Don’t know what colon cancer screening tests are right for you? If so, don’t feel bad. It can be hard to know the benefits of each test, and even harder to decide which test you should choose when it comes time to schedule your first colonoscopy or other screening procedure. Here’s an overview of the main screening options out there, along with some helpful advice to help you choose what’s best for you.
5 important facts
Colon cancer is the third most common cancer in the United States and the second leading cause of death from cancer.
However, it is also one of the most preventable forms of cancer.
Screening tests can find precancerous polyps so they can be removed before they turn into cancer.
There are several different types of screening tests for colon cancer, and the best option for you may depend on your age, health history, and personal preferences.

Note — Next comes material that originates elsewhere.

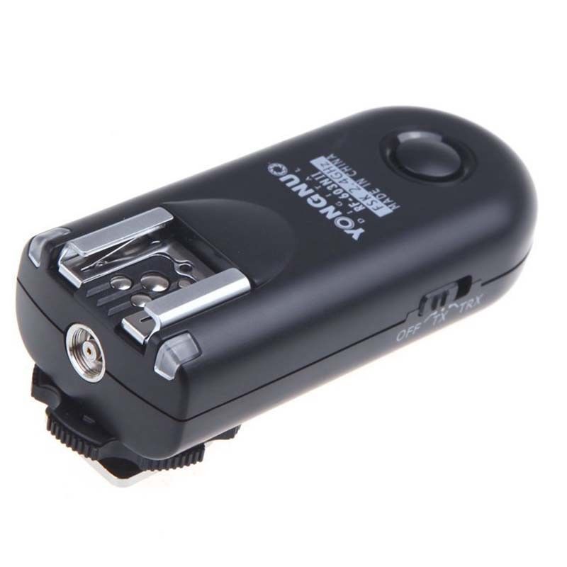 Kit de dos transceptores manuales Yongnuo RF603NII N1, especialmente diseñado para cámaras Nikon, pero con capacidad también de disparar flashes remotos junto a cámaras Canon, Pentax, Sony, Olympus, Panasonic, Samsung, entre otras cámaras de zapata estándar.

If you’re 50 or older, you should start getting screened for colon cancer. If you’re at high risk for the disease, you may need to start earlier.

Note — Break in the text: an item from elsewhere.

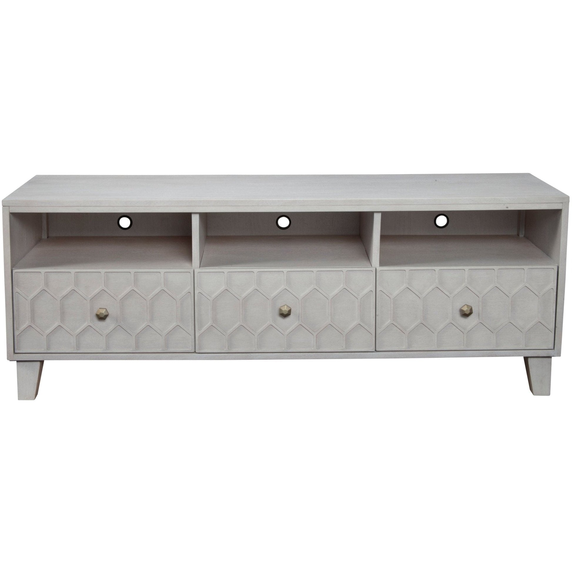 The Denver TV Console is the perfect perch to showcase your entertainment center. This TV stand will bring a crisp, natural look to your living room or bedroom while providing a pop of detail with its unique honeycomb design. Crafted from Mahogany solids and veneer, this handmade TV stand features a light grey stain with geometric knobs that add a subtle contrast. It is fitted with three drawers accompanied by metal ball bearing drawer glides that provide convenience to your storage needs. It is also fitted with three open shelves to store and display anything from your cable box and remotes to your favorite books and magazines. These open compartments also feature discreet holes for wire management. The Denver TV comes fully assembled.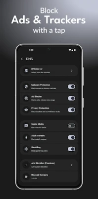 Stop ads and trackers before they load with powerful DNS filtering. Block ads in apps, games, and browsers system-wide.

There are a few different ways to get screened for colon cancer, and each has its own pros and cons.
Frequently asked questions
- What is colon cancer and how common is it?
- What are the symptoms of colon cancer?
- How is colon cancer diagnosed?
- What are the different types of colon cancer screenings?
- What are the risks and benefits of each type of screening?
- How often should I be screened for colon cancer?
- What can I do to reduce my risk of developing colon cancer?
Talk to your doctor
If you’re confused about which colon cancer screening option is best for you, talk to your doctor. They can help you weigh the pros and cons of each option and make a decision based on your individual risk factors.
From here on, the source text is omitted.